# Section: Transfer Learning for NLP





## <font color='#4073FF'>Project Solution: Text Summarization</font>

###  <font color='#14AAF5'>This project is aimed at summarizing text using transfer learning.</font>


### Project Brief:

Summarization is the task of condensing a piece of text to a shorter version, reducing the size of the initial text while at the same time preserving key informational elements and the meaning of content. Since manual text summarization is a time expensive and generally laborious task, the automatization of the task is gaining increasing popularity and therefore constitutes a strong motivation for academic research.
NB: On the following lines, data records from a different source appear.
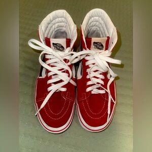 Stylish and comfortable, these Vans womens/mens high-top sneakers in vibrant red are perfect for everyday adventures. Featuring durable construction and classic design, they offer both style and support. Some marks but all over good condition. Unisex.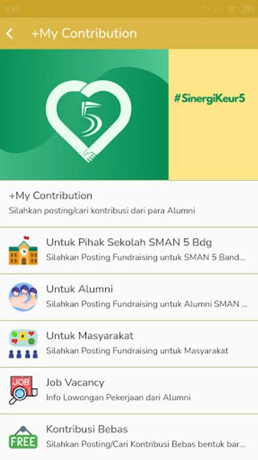 - My Contribution (untuk SMAN 5 Bandung, untuk Alumni, untuk Masyarakat).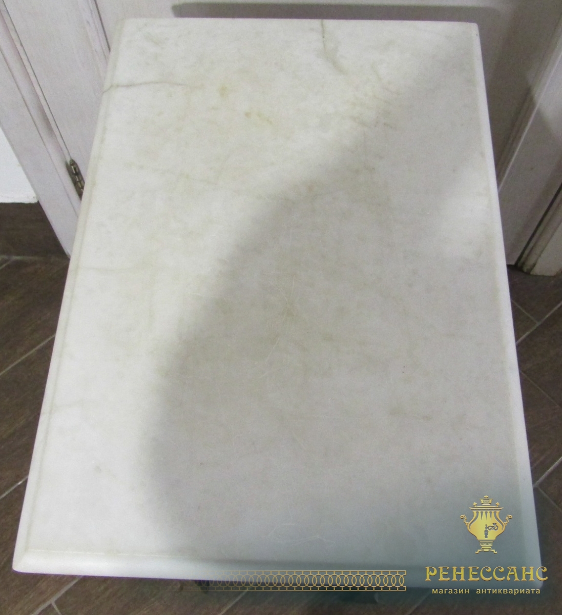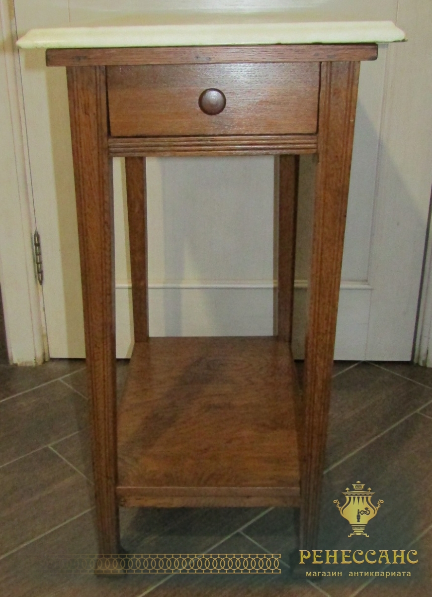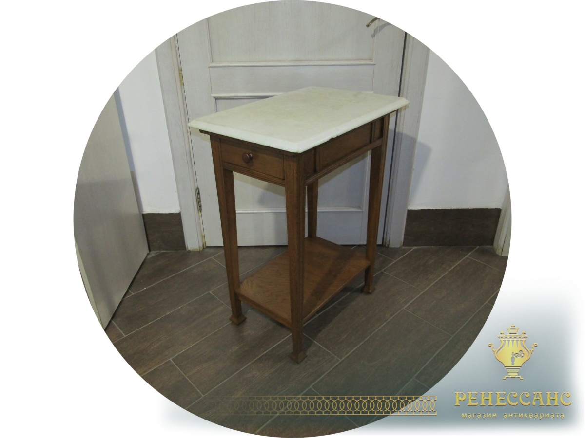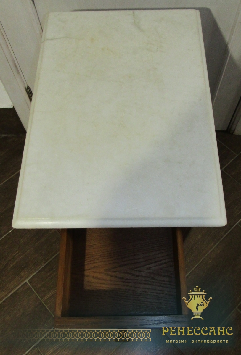 Столик, стол старинный под самовар с мраморной столешницей и ящиком №13480

In this project, you are required to scrape paragraphs from "https://en.wikipedia.org/wiki/Cassowary" and summarize them using transfer learning techniques.

### 1. Data collection

In [1]:
import bs4 as bs
import urllib.request
import re

# Reading the data from https://en.wikipedia.org/wiki/Cassowary 

urlr = urllib.request.urlopen('https://en.wikipedia.org/wiki/Cassowary')
page = urlr.read()
soup = bs.BeautifulSoup(page,'lxml')

text = ""

# Getting first few paragraphs
for i in soup.find_all('p')[:20]:
     text+= i.text


In [2]:
print(text)



Casuarius is a genus of birds in the order Casuariiformes, whose members are the cassowaries (Tok Pisin: muruk, Indonesian: kasuari). It is classified as a ratite (flightless bird without a keel on its sternum bone) and is native to the tropical forests of New Guinea (Papua New Guinea and Indonesia), Aru Islands (Indonesia), and northeastern Australia.[3]
Three species are extant: The most common, the southern cassowary, is the third-tallest and second-heaviest living bird, smaller only than the ostrich and emu. The other two species are represented by the northern cassowary and the dwarf cassowary. A fourth but extinct species is represented by the pygmy cassowary.
Cassowaries feed mainly on fruit, although all species are truly omnivorous and take a range of other plant foods, including shoots and grass seeds, in addition to fungi, invertebrates, and small vertebrates. Cassowaries are very wary of humans, but if provoked, they are capable of inflicting serious, even fatal, injuries

### 2. Data Cleaning

In [3]:
import re

x = re.sub(r"[[0-9]*]", "", text)
x = re.sub(r"\([^()]*\)", "", x)
x = x.replace("\xa0","")
x = x.replace("C.","")

  This is separate from the ipykernel package so we can avoid doing imports until


In [4]:
x

'\n\nCasuarius is a genus of birds in the order Casuariiformes, whose members are the cassowaries . It is classified as a ratite  and is native to the tropical forests of New Guinea , Aru Islands , and northeastern Australia.\nThree species are extant: The most common, the southern cassowary, is the third-tallest and second-heaviest living bird, smaller only than the ostrich and emu. The other two species are represented by the northern cassowary and the dwarf cassowary. A fourth but extinct species is represented by the pygmy cassowary.\nCassowaries feed mainly on fruit, although all species are truly omnivorous and take a range of other plant foods, including shoots and grass seeds, in addition to fungi, invertebrates, and small vertebrates. Cassowaries are very wary of humans, but if provoked, they are capable of inflicting serious, even fatal, injuries to both dogs and people. The cassowary has often been labeled "the world\'s most dangerous bird".\nThe genus Casuarius was erected 

In [5]:
with open('original_text.txt','w') as f:
  f.write(x)

In [6]:
# Installing dependencies

!pip install sentencepiece
!pip install bert-extractive-summarizer



In [7]:
from summarizer import Summarizer,TransformerSummarizer

### 3. BERT Summarizer

In [8]:
bert_model = Summarizer()
bert_summary = ''.join(bert_model(x, min_length=60))

print("\n\n")
bert_summary

Some weights of the model checkpoint at bert-large-uncased were not used when initializing BertModel: ['cls.predictions.transform.dense.bias', 'cls.predictions.transform.LayerNorm.bias', 'cls.predictions.bias', 'cls.predictions.transform.LayerNorm.weight', 'cls.predictions.transform.dense.weight', 'cls.seq_relationship.bias', 'cls.predictions.decoder.weight', 'cls.seq_relationship.weight']
- This IS expected if you are initializing BertModel from the checkpoint of a model trained on another task or with another architecture (e.g. initializing a BertForSequenceClassification model from a BertForPreTraining model).
- This IS NOT expected if you are initializing BertModel from the checkpoint of a model that you expect to be exactly identical (initializing a BertForSequenceClassification model from a BertForSequenceClassification model).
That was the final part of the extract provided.